Devemos empregar todo o cuidado em nos tornarmos, por culpa própria, ainda mais fracos do que já somos. Certas faltas, de que não fazemos conta, podem ser a causa de Deus nos negar a luz sobrenatural, tornando-se assim o demônio mais forte contra nós. Tais faltas são:

1. O desejo de passar por sábios ou nobres aos olhos do mundo;
2. Vaidade no vestir;
3. A busca de comodidades supérfluas;
4. O costume de se dar por ofendido com qualquer palavra mais forte ou com uma simples falta de atenção;
5. O desejo de agradar a todos à custa do bem espiritual;
6. A negligência das práticas de piedade por respeitos humanos;
7. As pequenas desobediências;
8. Pequenas aversões contra alguém;
9. Pequenas murmurações;
10. Pequenas mentiras ou gozos;
11. O tempo perdido em conversas ou curiosidades inúteis.
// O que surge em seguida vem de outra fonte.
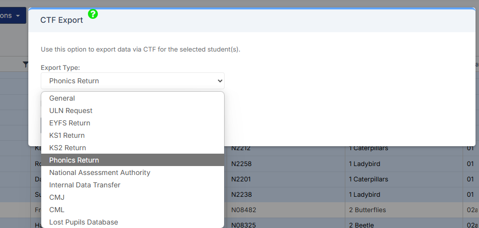 For Year 1 and Year 2 phonics the export type is Phonics Return
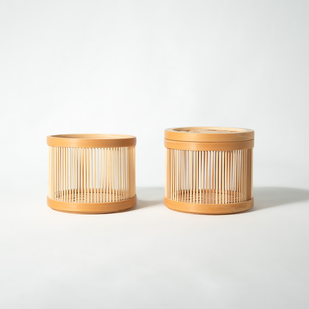 2個で1セット、ヒゴの太さの違うキットと、ヒゴの色が違うキットを組み立てます。ヒゴは差し返しという技法を使います。片側の輪にさしたヒゴをもう片方の輪にピンセットで穴に引っかけ、上から押してしっかりと差し込みます。ヒゴの太さの違いと色の違いで優しい雰囲気のストライプ模様になります。積み重ねて使っても可愛らしく便利な小物入れです。前回のスタック式小物入れを体験していただいた方は、そちらとも重ねて使う事が出来ます。

Resumindo: todo o apego à coisas criadas, toda a satisfação do amor próprio podem oferecer ao nosso inimigo ocasião para nos precipitar no abismo; estas faltas cometidas com deliberação, roubar-nos-ão, pelo menos, os socorros abundantes do Senhor, que nos preservam, sem dúvida alguma da queda do pecado.

Santo Afonso Maria de Ligório in 'Escola da Perfeição Cristã'.